[Stored dataset items]

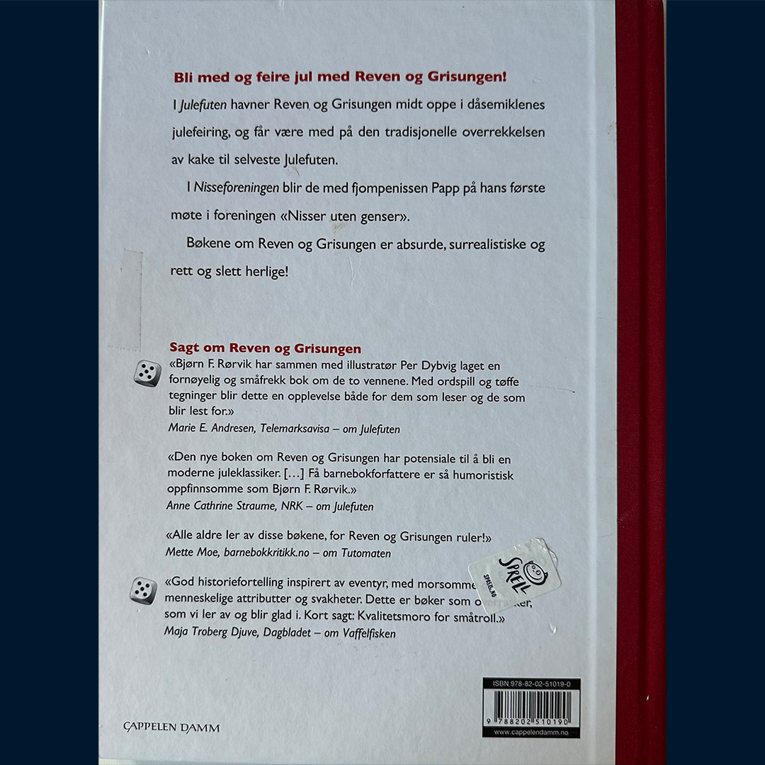 Bli med og feire jul med Reven og Grisungen! I Julefuten havner Reven og Grisungen midt oppe i dåsemiklenes julefeiring, og får være med på den tradisjonelle overrekkelsen av kake til selveste Julefuten. I Nisseforeningen blir de med fjompenissen Papp på hans første møte i foreningen «Nisser uten genser». Bøkene om Reven og Grisungen er absurde, surrealistiske og rett og slett herlige!
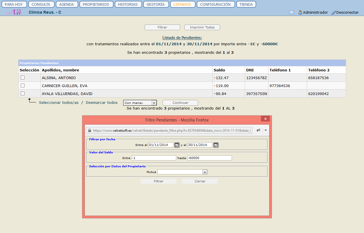 En aquest apartat podem aconseguir llistats de tots els propietaris que deuen diners a la clínica. Vegeu un exemple en la següent imatge:
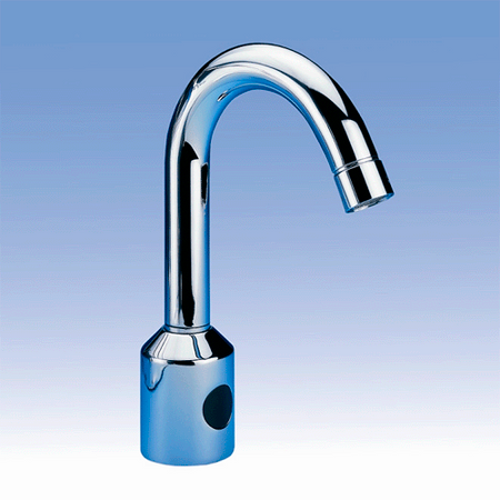 смеситель предназначен для подачи теплой и холодной воды, температура настраивается вручную угловыми вентилями, реагирует на присутствие рук в чувствительной зоне до 0,3 м. от датчика немедленным пуском воды, вода выключается после удаления рук из зоны чувствительности, время задержки выключения воды возможно настрoить в диапазоне 0,25 — 7,75 сек., автоматическая настройка чувствительности
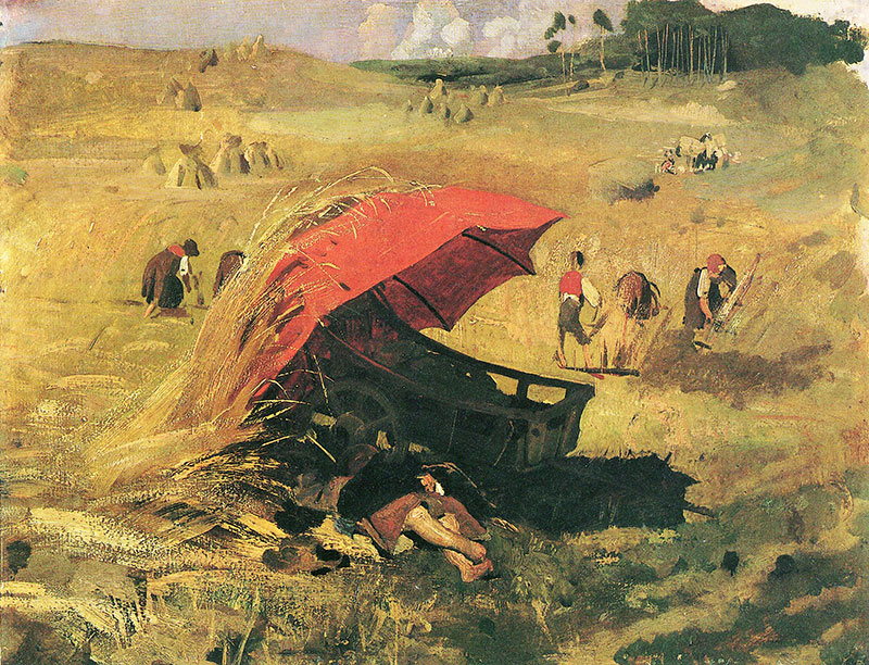 Doch schon bald beginnt er, seine eigenen Vorstellungen umzusetzen. Es ist die Zeit, in der in Frankreich die plein-air-Malerei aufkommt. Lenbachs Werk von 1860 «Der rote Schirm» wird von Kunstkritikern als Frühwerk des deutschen Impressionismus bezeichnet.
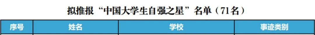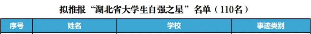 经高校申报、省级遴选、宣传展示、专家评审等环节,拟推报“湖北省大学生自强之星标兵”10名、“湖北省大学生自强之星”110名,并拟从中择优等额推报71名学生参加“中国大学生自强之星”评选(含1名“中国大学生自强之星标兵”)。

WHAT YOU HAVE TO DO: Return all the records exactly. Skip the pictures.

PROBLEM SOLUTION:
 Bli med og feire jul med Reven og Grisungen! I Julefuten havner Reven og Grisungen midt oppe i dåsemiklenes julefeiring, og får være med på den tradisjonelle overrekkelsen av kake til selveste Julefuten. I Nisseforeningen blir de med fjompenissen Papp på hans første møte i foreningen «Nisser uten genser». Bøkene om Reven og Grisungen er absurde, surrealistiske og rett og slett herlige!
 En aquest apartat podem aconseguir llistats de tots els propietaris que deuen diners a la clínica. Vegeu un exemple en la següent imatge:
 смеситель предназначен для подачи теплой и холодной воды, температура настраивается вручную угловыми вентилями, реагирует на присутствие рук в чувствительной зоне до 0,3 м. от датчика немедленным пуском воды, вода выключается после удаления рук из зоны чувствительности, время задержки выключения воды возможно настрoить в диапазоне 0,25 — 7,75 сек., автоматическая настройка чувствительности
 Doch schon bald beginnt er, seine eigenen Vorstellungen umzusetzen. Es ist die Zeit, in der in Frankreich die plein-air-Malerei aufkommt. Lenbachs Werk von 1860 «Der rote Schirm» wird von Kunstkritikern als Frühwerk des deutschen Impressionismus bezeichnet.
 经高校申报、省级遴选、宣传展示、专家评审等环节,拟推报“湖北省大学生自强之星标兵”10名、“湖北省大学生自强之星”110名,并拟从中择优等额推报71名学生参加“中国大学生自强之星”评选(含1名“中国大学生自强之星标兵”)。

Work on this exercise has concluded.